Materials and Methods

Primary Culture of Rat Cortical Neurons

Ten one-day-old Sprague-Dawley rats were purchased from the Department of Animal Experiments and all experimental protocols were carried out with the approval of the Animal Experimental Committee, Chongqing Medical University. Cortical neurons were cultured using a modified method reported by Redmond et al[13]. Briefly, the meninges and blood vessels were removed from the cerebral cortices and then were minced. The tissues were incubated with 0.125% trypsin for 30 min at 37°C, neutralized, and triturated by a Pasteur pipette. Huge particles were eliminated before neurons were seeded on poly-L-lysine precoated plates with DMEM/F12 containing 10% fetal bovine serum (FBS, Gibco, Gaithersburg, MD, USA) at a density of 3 × 10[5] cells/cm2 and cultivated in humidified atmosphere of 95% air/5% CO2 at 37°C. After cell attachment, the medium was changed to a neurobasal medium (Gibco, Gaithersburg, MD, USA) containing 2% B27 (Gibco) and 0.5 mM glutamine, and then the medium was changed every day. Arabinosylcytosine (5 μg/ml) was added on the third day after incubation to prevent the growth of non-neuronal cells. Cells were used for experiments on the seventh day of culture.

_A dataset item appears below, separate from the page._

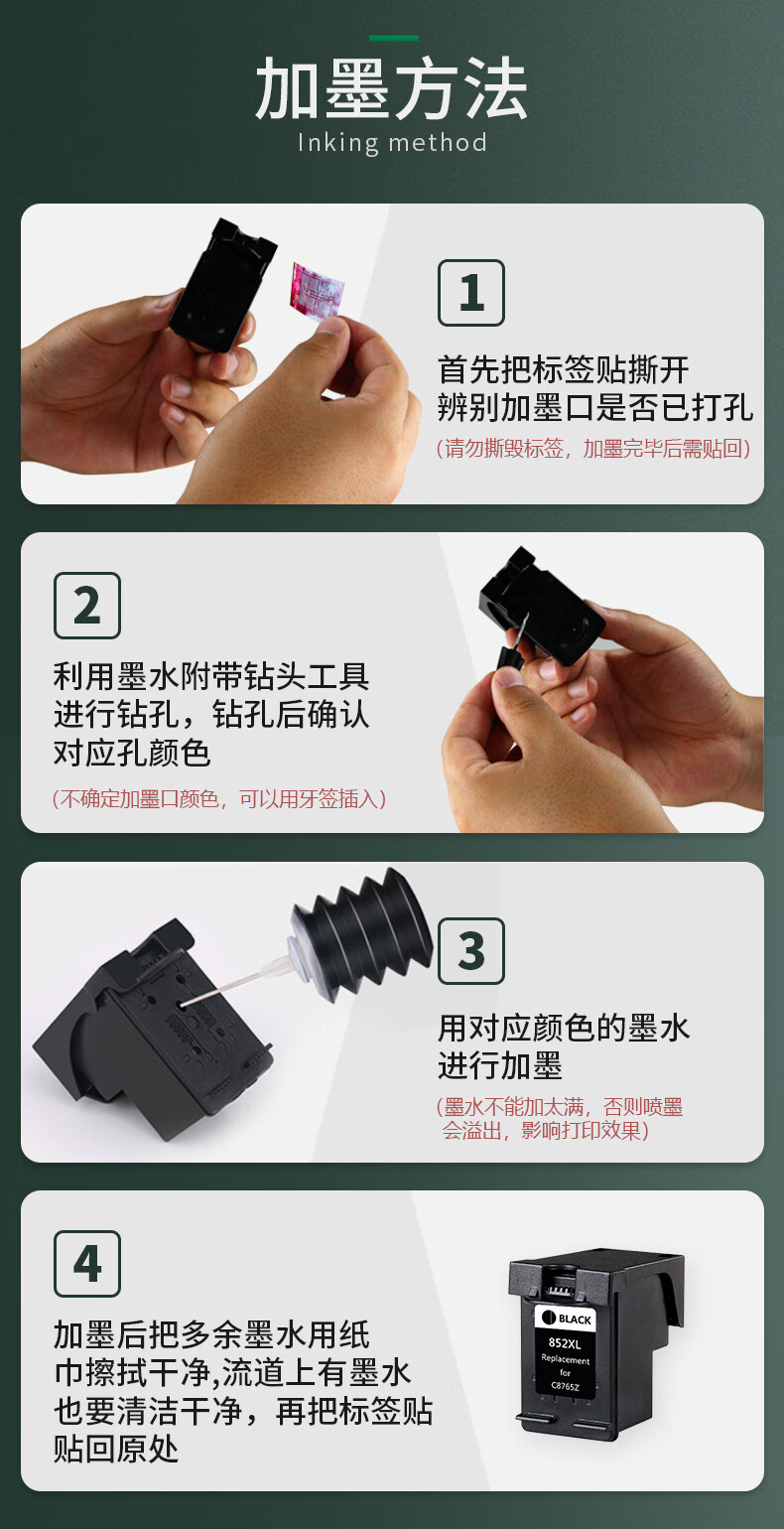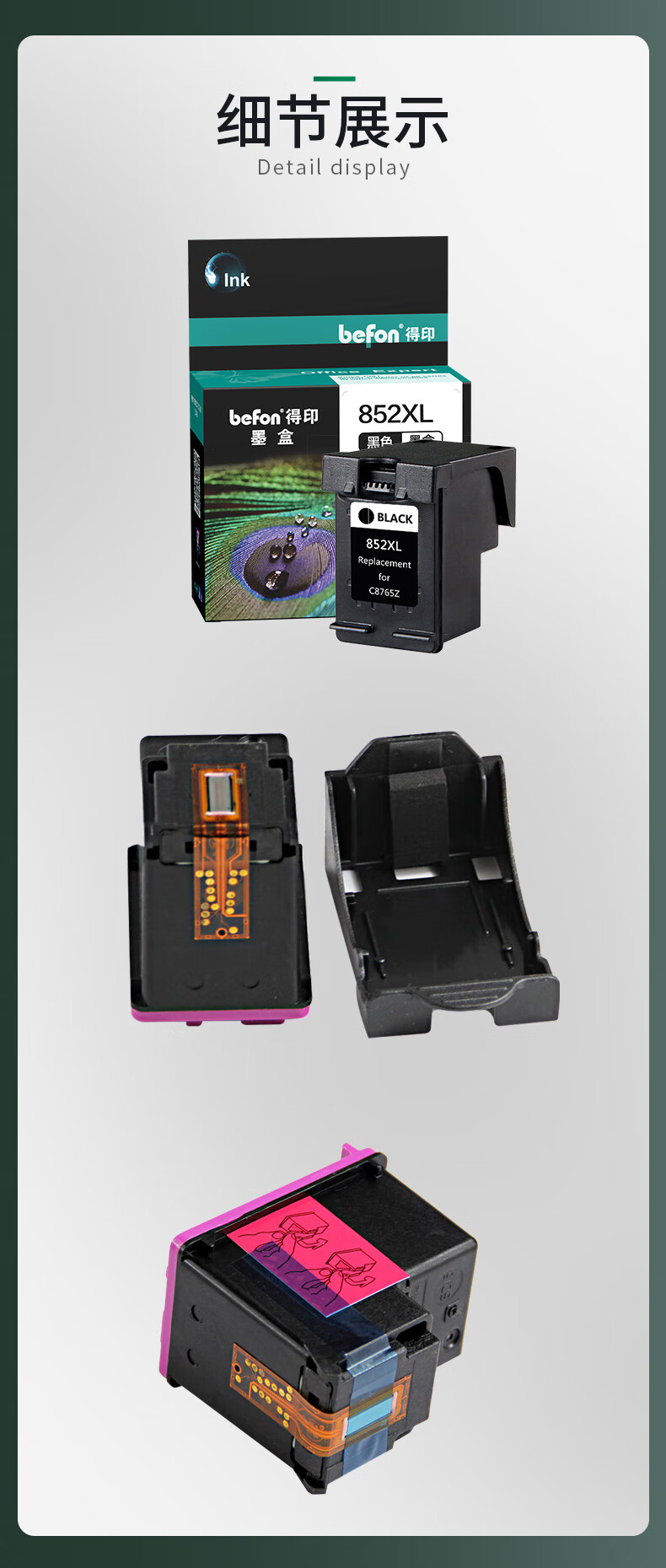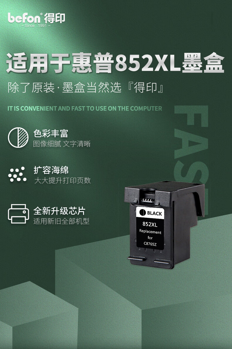 得印(befon) H-852 C8765ZZ 大容量 打印量600页 适用HP2358/6848/6548/5740/5748/6520/6540/9808/9868 墨盒 (计价单位:盒) 黑色

Oxygen and Glucose Deprivation/Reoxygenation

The OGD/R model in vitro was set up as described previously[14]. After washing the cells twice with D-Hanks solution (Hyclone, Los Angeles, USA), neurons were cultured with D-Hanks solution and placed into an incubator filled with anaerobic gas mixture (95% N2 and 5% CO2) at 37°C for 150 min. During reoxygenation, the D-Hanks solution was replaced with neurobasal medium containing 2% B27, and cultures were placed in an incubator under 95% air/5% CO2 for 24 h[14].

Drug Treatment

To examine the best effect concentration of resveratrol, three groups were studied: (1) normal group (Nor) – neurons were cultured in neuron culture medium without OGD/R; (2) model group (Mod) – cells were treated with neuron medium containing ethanol (volume fraction 1.3%) for 24 h before OGD/R; (3) resveratrol treatment group (Res) – cells were maintained in complete medium containing different concentrations (10 μmol/L, 20 μmol/L, 40 μmol/L, 60 μmol/L, and 80 μmol/L) of resveratrol (purity 99%; Shanxi Ciyuan Biotech, China) for 24 h before OGD/R. The best effect was observed with a concentration of 40 μmol/L resveratrol, and thus 40 μmol/L resveratrol was used for further study.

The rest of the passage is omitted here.